所以我尝试用Python实现该模型,对此感到抱歉:
def error(x_i,y_i, beta):
return y_i - predict(x_i, beta)
def squared_error(x_i, y_i, beta):
return error(x_i, y_i, beta)**2
def squared_error_gradient(x_i, y_i, beta):
"""the gradient (with respect to beta)
corresponding to the ith squared error term"""
return [-2 * x_ij * error(x_i,y_i, beta)
for x_ij in x_i]
def predict(x_i, beta):
# x_i.insert(0,1)
"""assumes that the first element of each x_i is 1"""
return dot(x_i, beta)
def dot(v, w):
"""v_1 * w_1 + ... + v_n * w_n"""
return sum(v_i * w_i for v_i, w_i in zip(v, w))
def in_random_order(data):
"""generator that returns the elements of data in random order"""
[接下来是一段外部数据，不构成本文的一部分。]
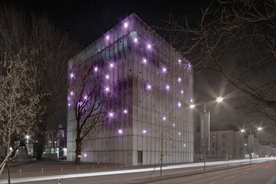 Celle-ci dégageait une impression d’ensemble de grande vulnérabilité et de vibration sourde, comme au ralenti. A intervalles irréguliers, la façade s’empourprait soudainement, à pleine puissance. C’était toujours un moment surprenant. Diffusant la lumière alentour, l’édifice embrasait silencieusement son environnement par la couleur. Cette illumination était alors perceptible de très loin, des villages voisins et des hauteurs des montagnes environnantes. Les réflexions sur l’eau étaient particulièrement intéressantes, depuis l’autre côté du lac de Constance ou en approchant l’immeuble depuis le port. La population de Bregenz, de la région du Vorarlberg et les visiteurs du KUB apprécièrent l’installation et sa délicatesse énigmatique liée à une tension sous-jacente. C’était le sujet de conversation de la ville et beaucoup auraient souhaité qu’elle reste en place.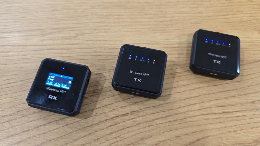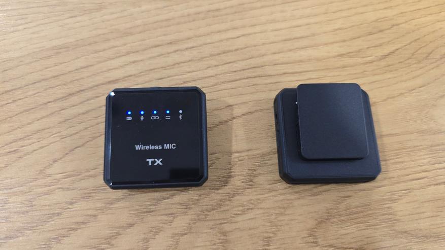 Начнем с передатчиков. Они в меру компактны и легки, что позволяет без труда крепить их на одежду. Передняя поверхность гладкая, но при этом лаконичная: здесь расположены светодиодные индикаторы, которые информируют о режиме работы и уровне заряда.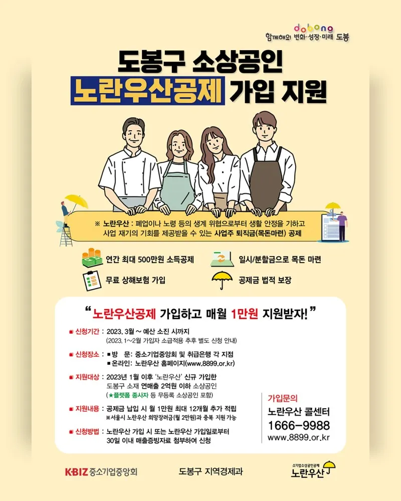 도봉구 소상공인 노란우산공제 가입 지원사업 안내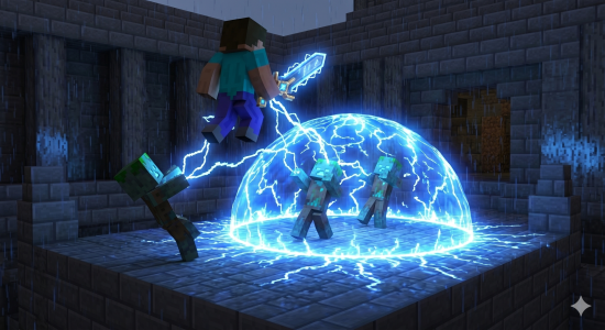 Удар током: Подбрасывает вас в воздух, а при падении создает электрический купол, который поджаривает всех мобов в радиусе 5-7 блоков.

indexes = [i for i, _ in enumerate(data)] # create a list of indexes
random.shuffle(indexes) # shuffle them
for i in indexes: # return the data in that order
yield data[i]
def minimize_stochastic(target_fn, gradient_fn, x, y, theta_0, alpha_0=0.01):
data = zip(x, y)
theta = theta_0 # initial guess
alpha = alpha_0 # initial step size
min_theta, min_value = None, float("inf") # the minimum so far
iterations_with_no_improvement = 0
# if we ever go 100 iterations with no improvement, stop
while iterations_with_no_improvement < 100:
value = sum( target_fn(x_i, y_i, theta) for x_i, y_i in data )
if value < min_value:
# if we've found a new minimum, remember it
# and go back to the original step size
min_theta, min_value = theta, value
iterations_with_no_improvement = 0
alpha = alpha_0
else:
# otherwise we're not improving, so try shrinking the step size
iterations_with_no_improvement += 1
alpha *= 0.9
# and take a gradient step for each of the data points
for x_i, y_i in in_random_order(data):
gradient_i = gradient_fn(x_i, y_i, theta)
theta = vector_subtract(theta, scalar_multiply(alpha, gradient_i))
return min_theta
def estimate_beta(x,y):
beta_initial = [random.random() for x_i in x[0]]
return minimize_stochastic(squared_error,
squared_error_gradient,
x,y,
beta_initial,
0.001)
例如,假设我们在2008年举行了一次选举,在2013年举行了一次选举:
x = [[0.0], [0.0], [0.0], [0.0], [0.0], [0.0], [77.17], [22.83]] # each arrangement within this arrangement is the % of people who voted for a party in 2008
y = [[0.35], [0.35], [0.0], [0.0], [2.43], [0.0], [0.0], [96.87]] # each number is the % of people who voted for a party in 2013
random.seed(0)
random.seed(0)
probabilities = [estimate_beta(x,y_i)for y_i in y]
print(probabilities)
它返回:
[[0.8444218515250481], [0.7579544029403025], [0.420571580830845], [0.25891675029296335], [0.5112747213686085], [0.4049341374504143], [0.7837985890347726], [0.30331272607892745]]
我期望每个数组中的值尽可能多。